Многие из наших операций включают «перенос свободного лоскута»: в одном из многочисленных мест на теле у пациента выкраивается участок его собственной ткани – кожи, мышечной, а иногда и костной – с последующим его перемещением в другое место для исправления дефекта, который может быть врожденным либо образовавшимся в результате травмы или удаления опухоли. Кусок лопатки, бедра или малой берцовой кости может быть использован для реконструкции челюсти, в то время как кожа и мягкие ткани с руки или ноги могут стать новым языком или образовать дно ротовой полости. Мы измеряем свободное пространство, которое образуется после удаления опухоли, благодаря чему точно знаем, какое количество ткани нам понадобится изъять из другой части тела для реконструкции. Мы записываем результаты измерений и в масштабе один к одному чертим нужную форму маркером на доске в операционной, чтобы использовать этот рисунок в качестве шаблона для свободного лоскута (участка ткани для пересадки). Специальным фиолетовым маркером мы аккуратно делаем разметку на коже, в точности повторяя форму и размеры необходимого участка ткани так, чтобы питающие его кровеносные сосуды располагались по центру.
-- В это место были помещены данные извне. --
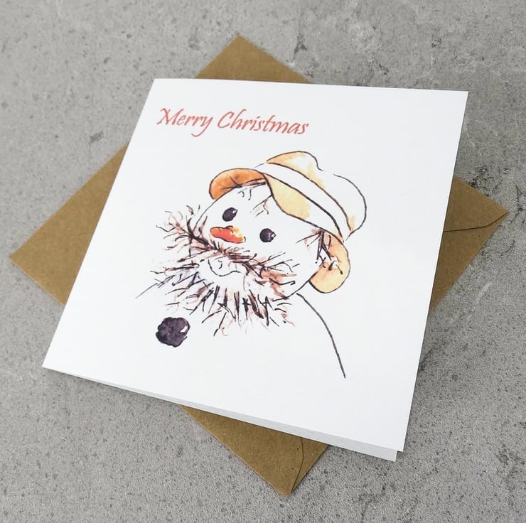 My eco friendly Snowman Beard Christmas card has been printed using my own original artwork on to100% recycled felt white 270g card which has a lovely textured finish.
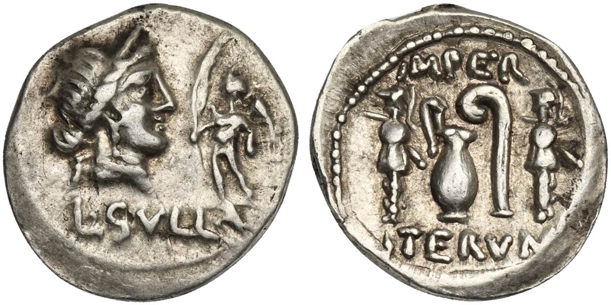L. Sulla, Denarius, military mint, 84-3 BC. AR (g 3,84; mm 20; h 12). Diademed head of Venus r.; to r., Cupid standing l., holding palm frond; L•SVLLA below, Rv. Capis and lituus between two trophies; IMPER above, ITERV below. Cra

Каждый раз во время операции, когда я готовлюсь сделать первый надрез, наступает момент предвкушения, когда время словно замедляется, и я становлюсь сверхчувствительным ко всему, что вижу, слышу и чувствую: к тихо играющей музыке, монотонному писку кардиомонитора, звукам отсоса, напоминающим приглушенное жужжание пылесоса, и преходящим в «хлюпанье», когда начинает отсасываться кровь и другие жидкости, шуму вытяжных вентиляторов и даже движению воздуха на коже вокруг глаз. Я все еще испытываю волнительную дрожь, предвкушая, как разрежу скальпелем поверхность кожи, обнажая желтый подкожный жир и расположенную под ним фасцию – серебристую соединительнотканную оболочку, покрывающую красно-коричневые мышцы. На мгновение разрез остается таким же ровным, как начерченная на бумаге прямая линия, однако затем из поврежденных краев начинает сочиться ярко-багровая кровь. В этот момент я словно попадаю в святилище, где ничто не может отвлечь меня от текущей задачи, и я полностью сосредоточен на лежащем передо мной человеке. Больница – это единственное здание на свете, где никто не двигается с места, когда срабатывает пожарная тревога.

Несмотря на точность хирургических разрезов, люди, впервые оказавшиеся в операционной, вечно поражаются тому, какое усилие нужно приложить, чтобы разрезать человеческую кожу или отвернуть кожу и мышцы на шее. Мы привыкли считать нашу кожу и мягкие ткани довольно нежными, однако они гораздо более грубые, чем может показаться, и приходится хорошенько постараться, чтобы их раздвинуть, обнажив подлежащие структуры.

Иногда из раскрытых тканей веет легким запахом, который улавливается наполовину сознательно, наполовину подсознательно, поскольку все внимание уделяется проделываемой процедуре. Разрез также сопровождается характерным звуком, если только вместо скальпеля не использовать лазер или диатермическую иглу[12]12
  Применяется для разрушения тканей и удаления небольших поверхностных новообразований с помощью высокочастотного электрического тока, пропускаемого через ее тонкий вольфрамовый наконечник.


[Закрыть]
. Каждый раз, когда режешь ею ткань, она издает легкое жужжание, сопровождаемое музыкальной нотой. Эту иглу можно настроить на коагуляцию кровеносных сосудов, и тогда нота меняется, отличаясь на малую терцию, наподобие колыбельной Брамса. Каждый раз, когда я слышу эти ноты, их сочетание мне кажется весьма неудачным, с учетом того, что своими действиями в этот самый момент мы, как правило, вряд ли смогли бы кого-то убаюкать.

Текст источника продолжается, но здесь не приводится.